* _Work request_
In the data below, find the line with "Tablou pe pânză" and the line with "6月27日,由于李厚霖未在指", then restate both and every line between them exactly, minus the pictures.
*** Supplied material ***
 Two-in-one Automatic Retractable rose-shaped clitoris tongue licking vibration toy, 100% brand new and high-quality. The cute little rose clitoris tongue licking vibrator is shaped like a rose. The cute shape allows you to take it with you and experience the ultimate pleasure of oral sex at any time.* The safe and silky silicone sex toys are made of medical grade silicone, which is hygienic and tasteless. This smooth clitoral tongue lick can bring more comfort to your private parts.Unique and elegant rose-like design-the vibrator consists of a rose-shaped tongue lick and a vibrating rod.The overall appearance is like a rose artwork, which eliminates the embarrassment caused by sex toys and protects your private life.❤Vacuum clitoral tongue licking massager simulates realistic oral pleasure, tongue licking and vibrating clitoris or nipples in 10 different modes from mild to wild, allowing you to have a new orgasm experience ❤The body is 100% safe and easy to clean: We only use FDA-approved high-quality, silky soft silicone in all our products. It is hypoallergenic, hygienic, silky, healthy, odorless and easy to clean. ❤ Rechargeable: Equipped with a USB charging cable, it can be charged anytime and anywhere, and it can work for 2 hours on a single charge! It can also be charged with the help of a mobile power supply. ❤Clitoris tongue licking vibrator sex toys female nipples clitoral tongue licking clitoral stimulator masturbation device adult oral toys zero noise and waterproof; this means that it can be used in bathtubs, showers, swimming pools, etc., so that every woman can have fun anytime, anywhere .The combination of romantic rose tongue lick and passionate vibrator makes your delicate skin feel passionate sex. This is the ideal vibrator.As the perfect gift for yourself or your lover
*** End of Supplied material ***
*** Supplied material ***
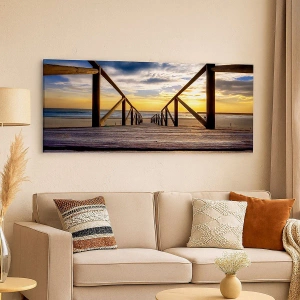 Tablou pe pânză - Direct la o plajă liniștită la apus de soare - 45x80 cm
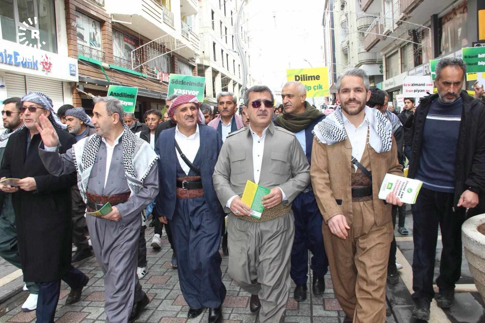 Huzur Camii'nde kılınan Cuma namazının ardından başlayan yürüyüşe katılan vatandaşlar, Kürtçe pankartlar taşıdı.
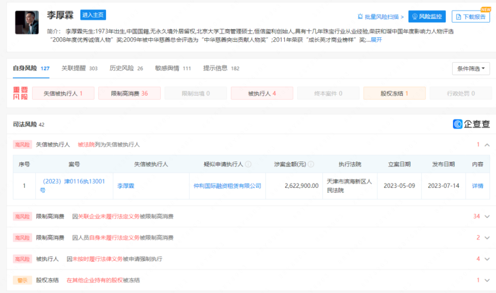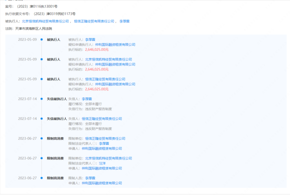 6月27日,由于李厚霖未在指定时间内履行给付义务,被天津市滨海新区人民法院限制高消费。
*** End of Supplied material ***
*** Supplied material ***
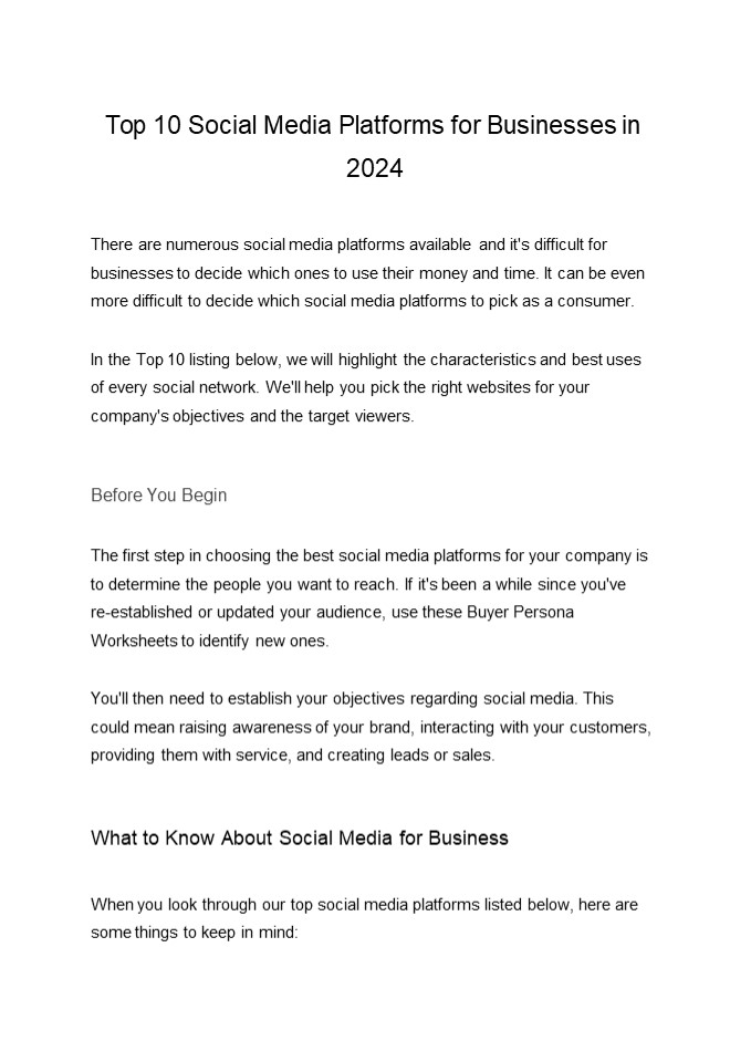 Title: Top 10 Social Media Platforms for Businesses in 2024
*** End of Supplied material ***
* _Answer to the exercise_
 Tablou pe pânză - Direct la o plajă liniștită la apus de soare - 45x80 cm
 Huzur Camii'nde kılınan Cuma namazının ardından başlayan yürüyüşe katılan vatandaşlar, Kürtçe pankartlar taşıdı.
 6月27日,由于李厚霖未在指定时间内履行给付义务,被天津市滨海新区人民法院限制高消费。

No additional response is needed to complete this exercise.